Tagged-particle dynamics in confined colloidal liquids

TL;DR

This paper uses mode-coupling theory to analyze the dynamics of colloidal particles in confined geometries, revealing how confinement influences relaxation, diffusion, and velocity correlations near the glass transition.

Contribution

It provides new theoretical predictions for localization length, diffusion scaling, and VACF behavior in confined colloidal liquids, supported by numerical and simulation results.

Findings

Confinement affects low-frequency susceptibility spectra similarly regardless of microscopic dynamics.

Derived analytical expressions match Brownian dynamics simulations for scattering functions.

Identified a transition in VACF scaling from unconfined to confined regimes.

Abstract

We present numerical results for the tagged-particle dynamics by solving the mode-coupling theory in confined geometry for colloidal liquids (cMCT). We show that neither the microscopic dynamics nor the type of intermediate scattering function qualitatively changes the asymptotic dynamics in vicinity of the glass transition. In particular, we find similar characteristics of confinement in the low-frequency susceptibility spectrum which we interpret as footprints of parallel relaxation.

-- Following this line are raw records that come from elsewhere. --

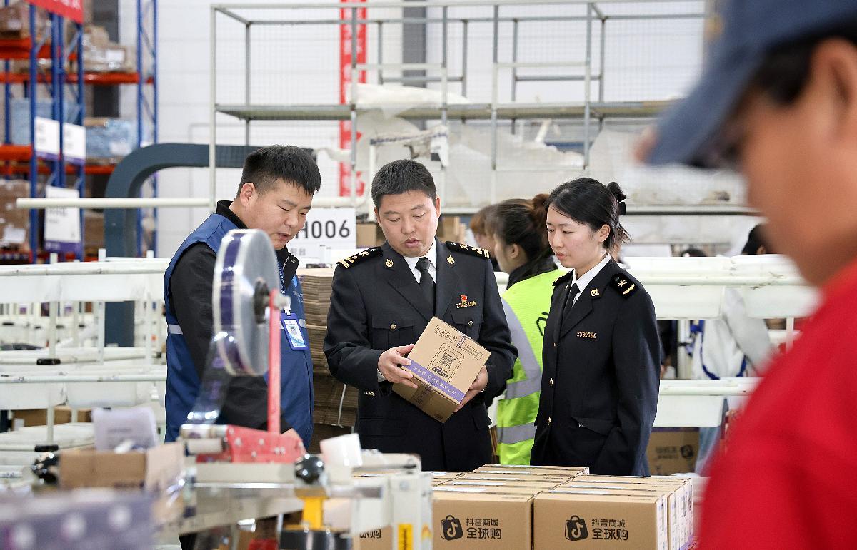 圖為11月10日,南通海關(guān)關(guān)員在南通綜合保稅區(qū)某公司跨境倉庫,現(xiàn)場查看打包發(fā)運(yùn)的包裹。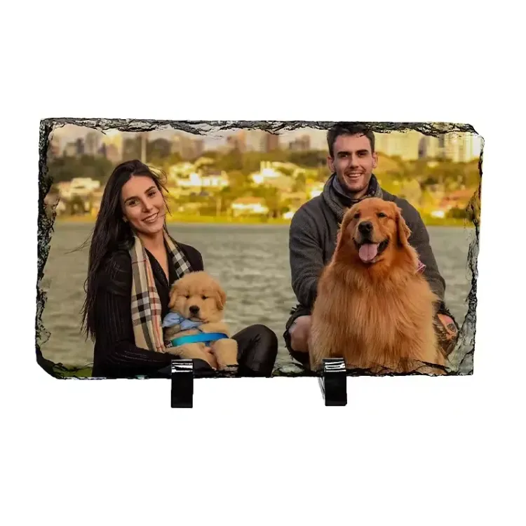 Placă de ardezie dreptunghiulară personalizată cu poză direct pe piatră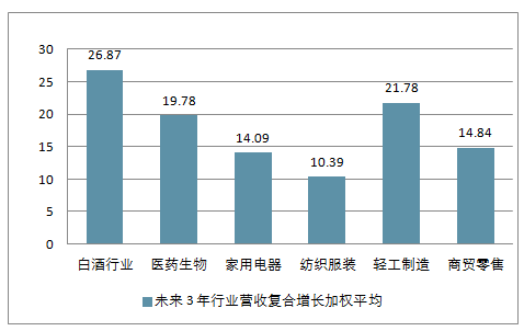 白酒行业未来 3 年加权平均增速为26.87%,在医药生物、家用电器、纺织服装、轻工制造、零售商贸几个行业中排名首位。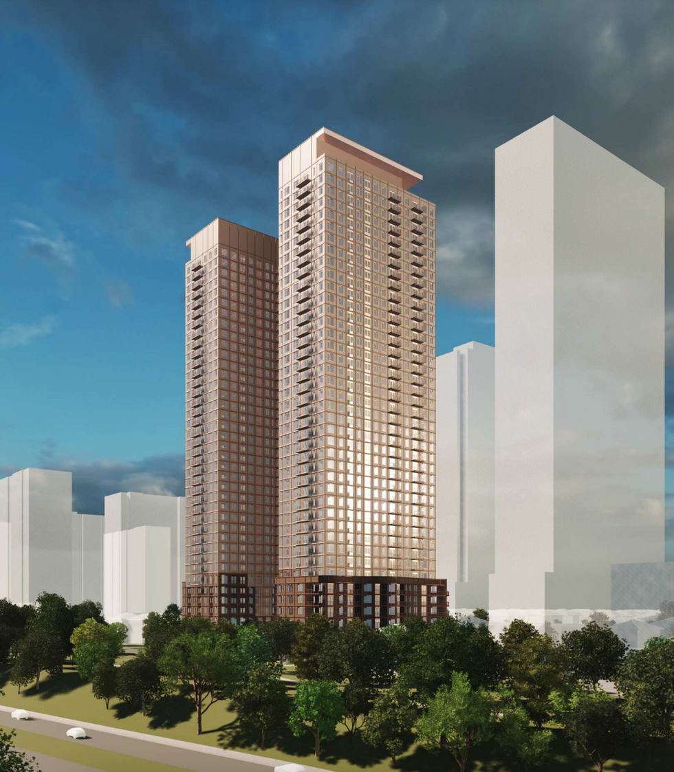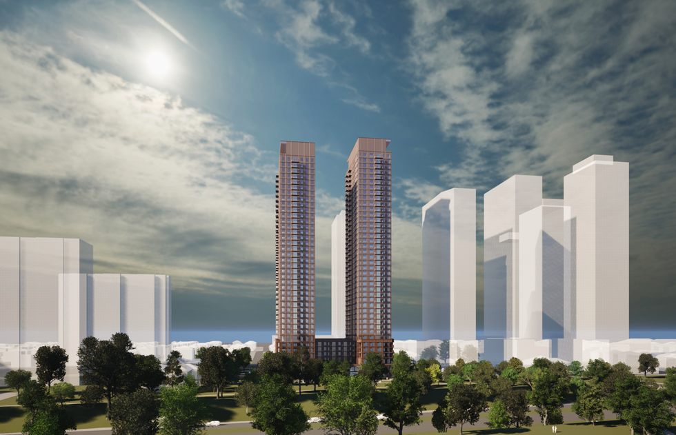 Toronto-based developer DiamondCorp recently submitted plans for a 40 and 38-storey residential development that could one day replace seven single-family homes in Yorkdale-Glen Park with over 900 condo units.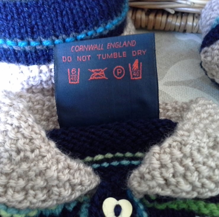 Baby knitwear is designed and hand crafted by Demelza Designs in Cornwall meeting UK baby safety standards, Only branded premuim acylic, acrylic/natural fibre blends or pure natural fibre yarns are used in baby knitwear which conforms to BS984/76 standards.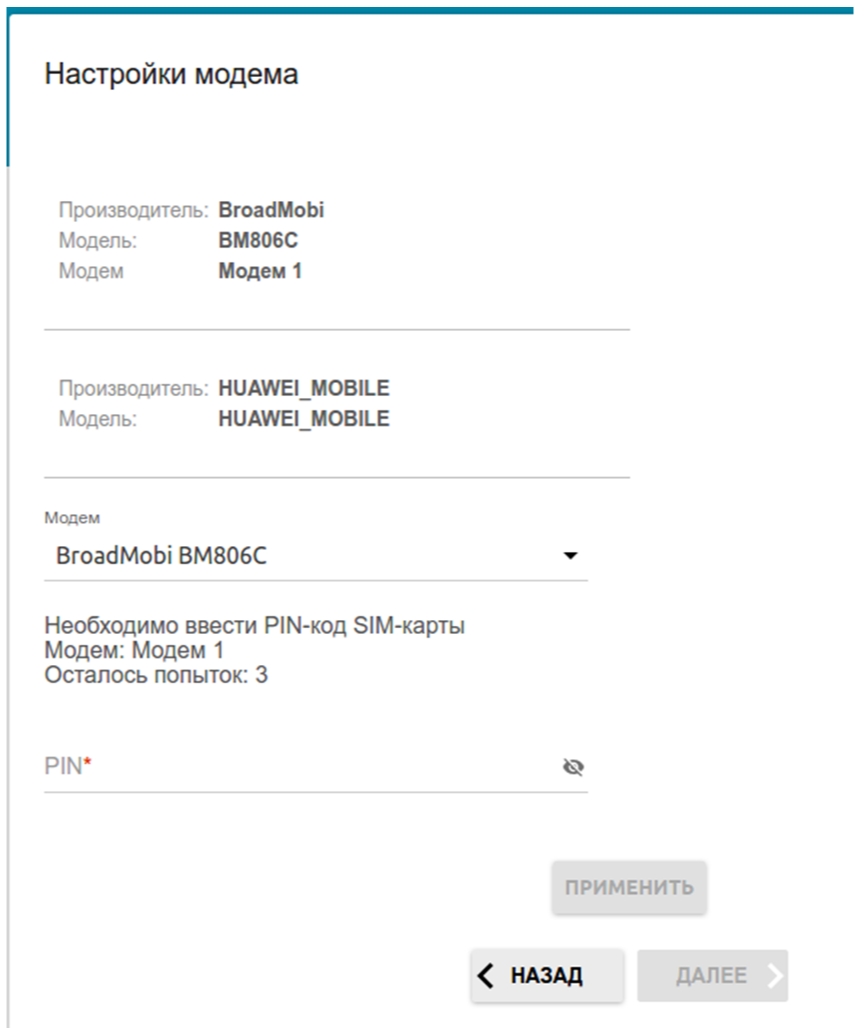 - Если для SIM-карты, установленной во встроенный модем, установлена проверка PIN-кода, введите PIN-код в поле PIN и нажмите кнопку ПРИМЕНИТЬ.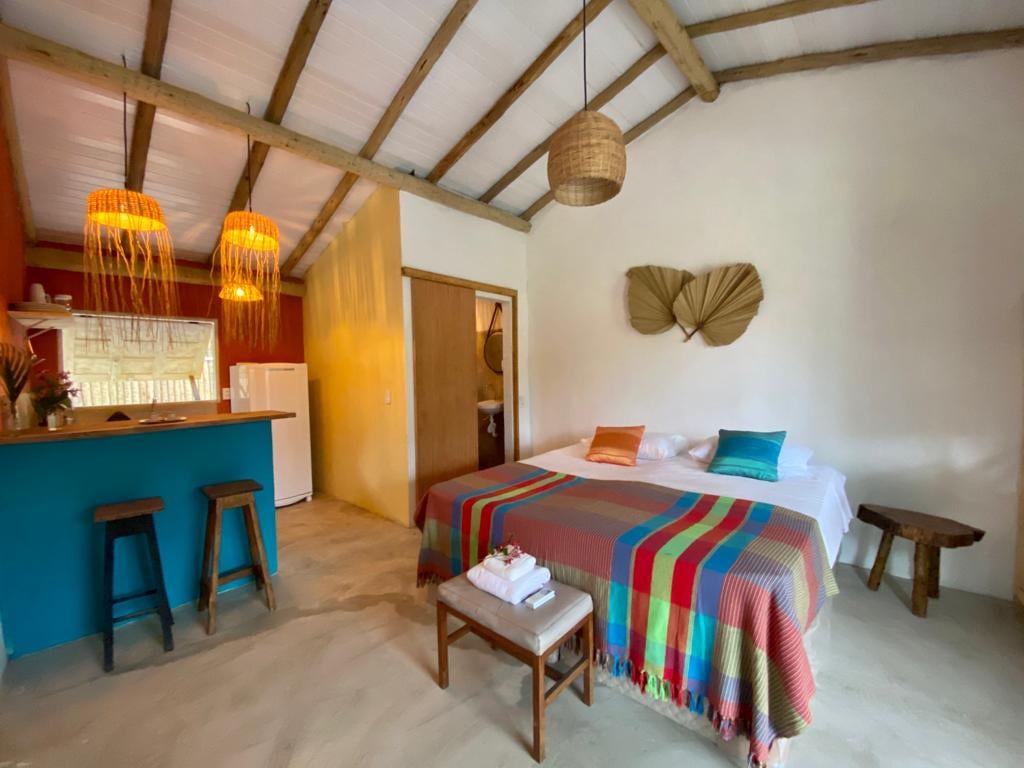 Sezonski bungalov u blizini plaža i centra Itacarea, na mirnom mestu okruženom bujnom tropskom vegetacijom. Prostrani apartman sa bračnim krevetom i krevetom za jednu osobu, opremljen klima-uređajem, TV-om, Wi-Fi internetom i kuhinjskim prostorom sa mikrotalasnom rernom, minibarom, aparatom za kafu i indukcionom pločom za kuvanje. Balkon sa visećom mrežom okrenutom prema Atlantskoj šumi.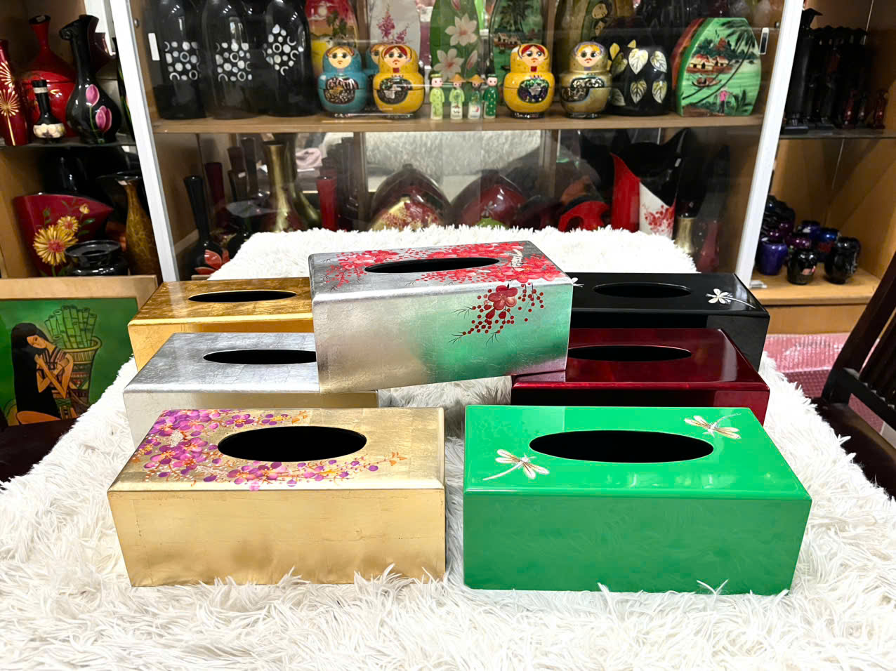 Hộp Đựng Khăn Giấy Sơn Mài Cao Cấp Họa Tiết Hoa Mận | Arst Of Lacquer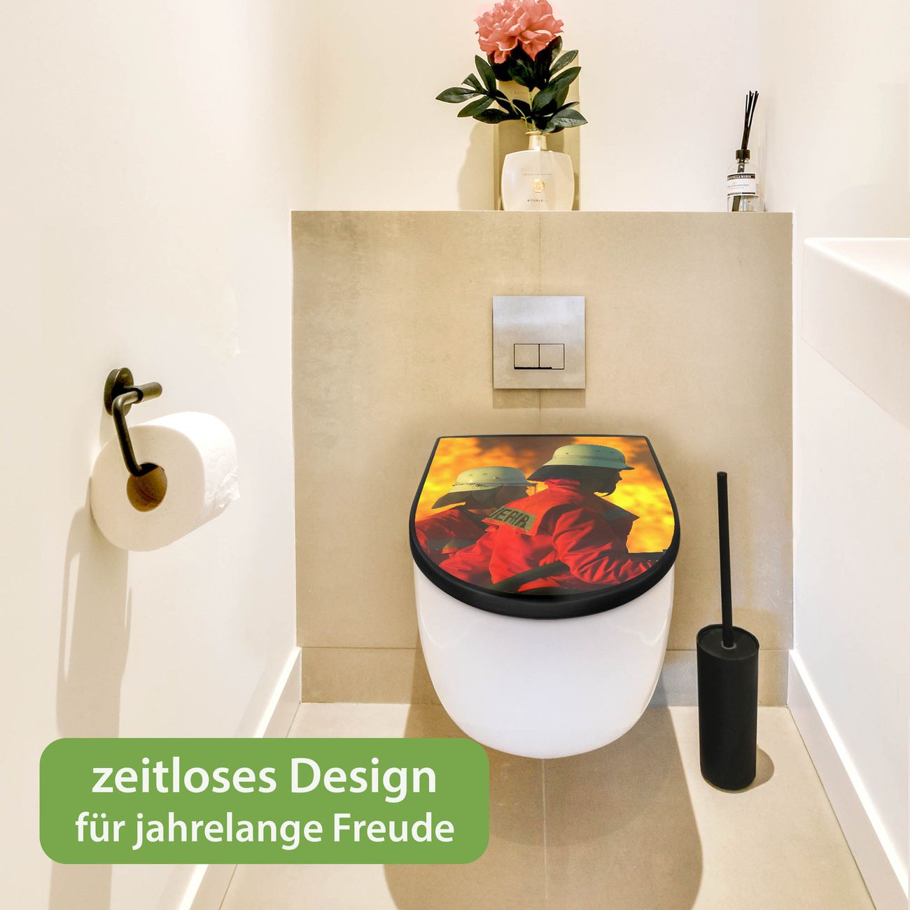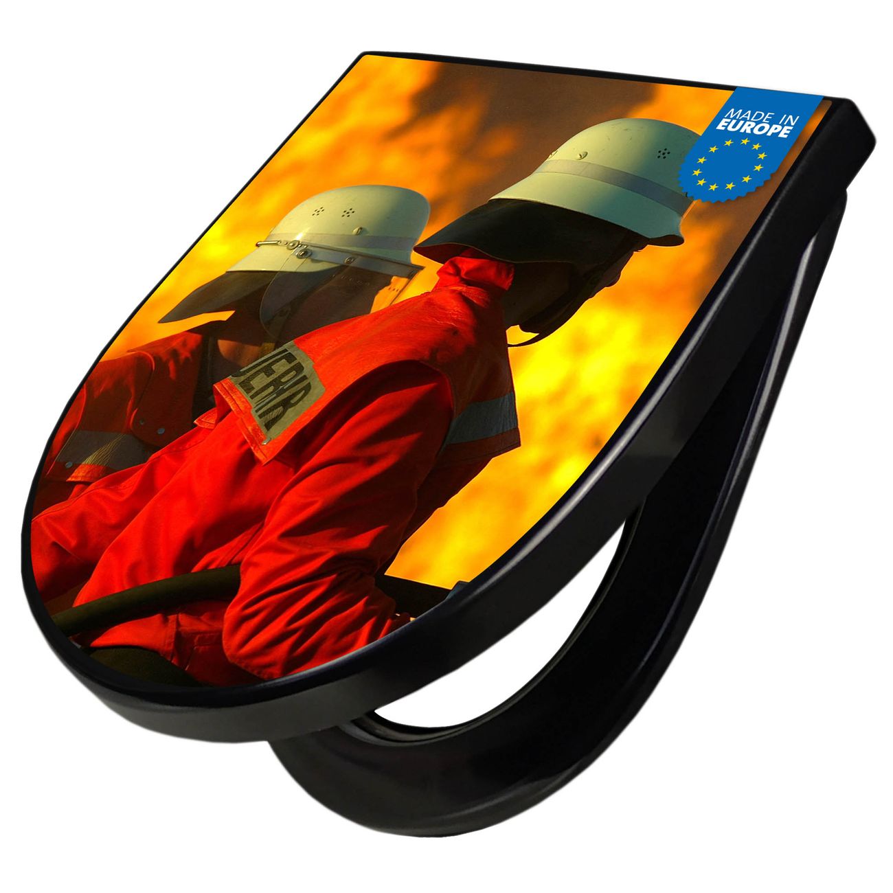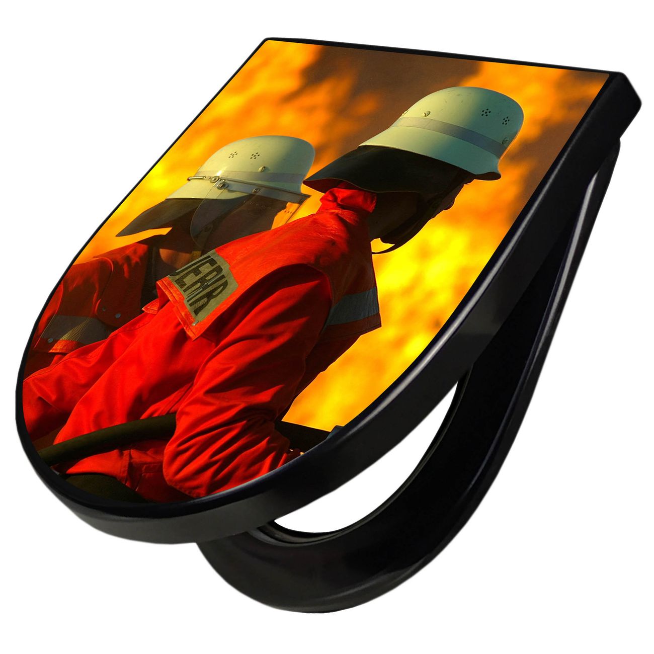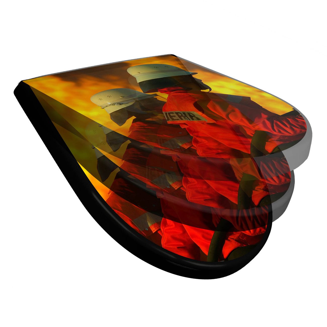 WC Sitz D-Form Schwarz mit Absenkautomatik Motiv Feuer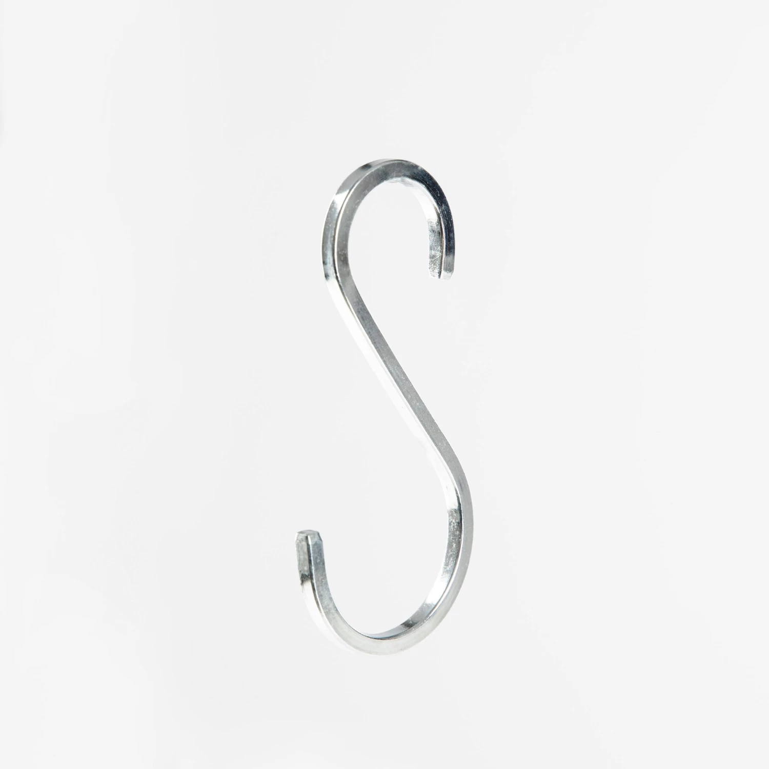 Stabiler und flexibler S-Haken aus verchromtem Eisen mit flachen, abgeschrägten Seiten. Die Haken haben unterschiedliche Innendurchmesser von 3 cm bzw. 5 cm. Praktische Alternative oder Ergänzung zu Kleiderbügeln, Wandhaken usw. Auch in einer kleineren Ausführung erhältlich.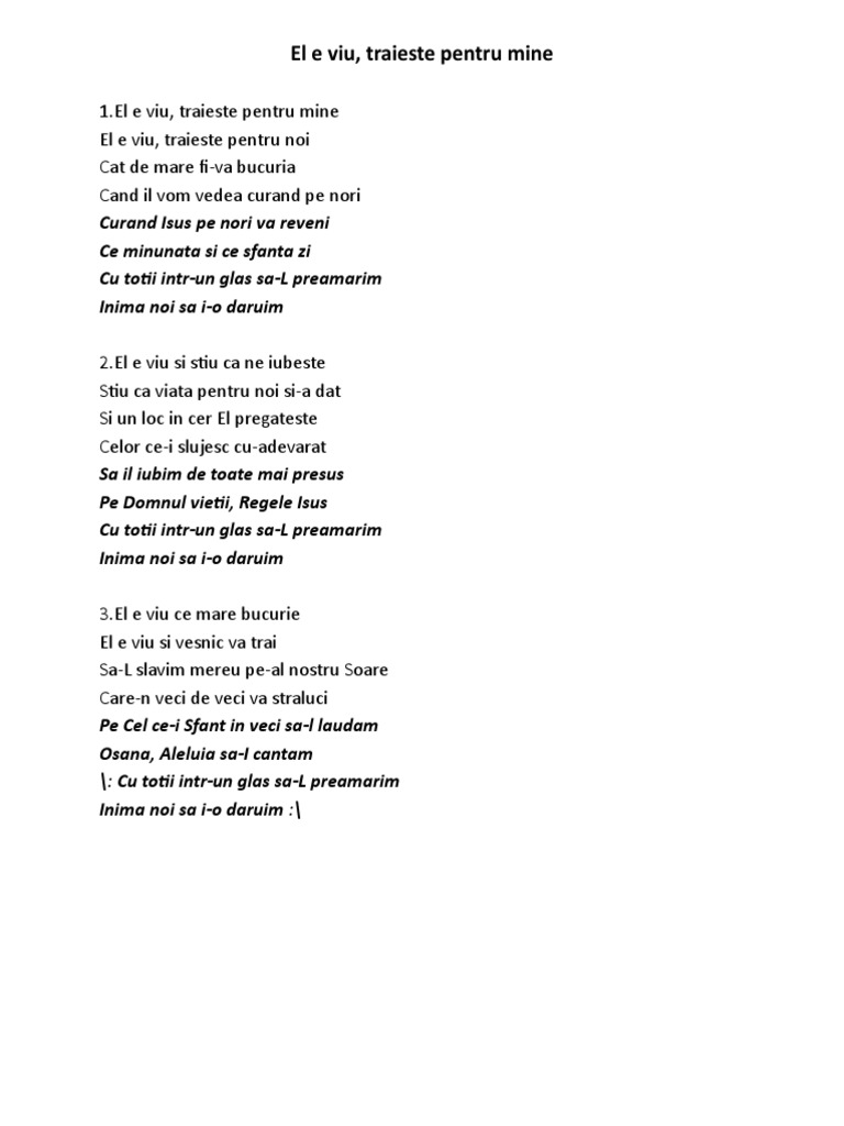 El e viu și știu că ne iubește știu că viața pentru noi şi a dat. Curand isus pe nori va reveni ce minunata si ce sfanta zi cu totii intr un glas sa l preamarim inima noi sa i o daruim. 1 el e viu traieste pentru mine el e viu traieste pentru noi cat de mare fi va bucuria cand il vom vedea curand pe nori. Si de ndata ce l vad simt inlauntrul meu cum imi bate inima.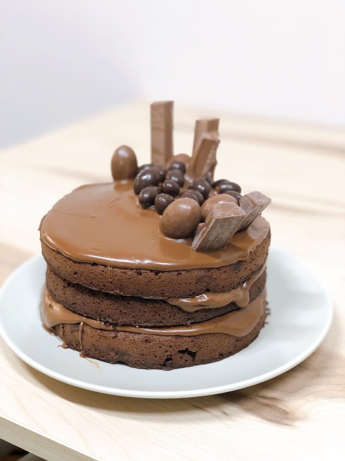 Extendemos la crema de cacao entre piso y piso de bizcocho y en su parte superior.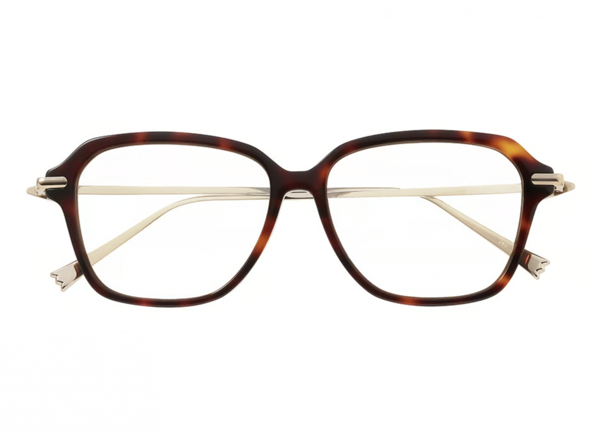 • 框身採用 光澤感的金色系鈦金屬,質感溫潤又高級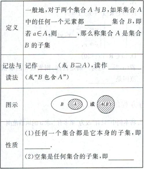 属于 $ a\in B $ $ A\subseteq B $ “A包含于B” $ A\subseteq A $ $\varnothing \subseteq A$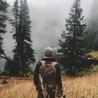 outdoor attire suitable for hiking or trekking, including what seems to be a backpack and possibly a hat. There are trees scattered in the background that suggest

We derive predictions for the localization length and the scaling of the diffusion coefficient in the supercooled regime and discover a pronounced non-monotonic dependence on the confinement length. For dilute liquids in the hydrodynamic limit we calculate an analytical expression for the intermediate scattering functions, which is in perfect agreement with event-driven Brownian dynamics simulations. From this, we derive an expression for persistent anti-correlations in the velocity autocorrelation function (VACF) for confined motion. Using numerical results of the cMCT equations for the VACF we also identify a cross-over between different scalings corresponding to a transition from unconfined to confined behaviour.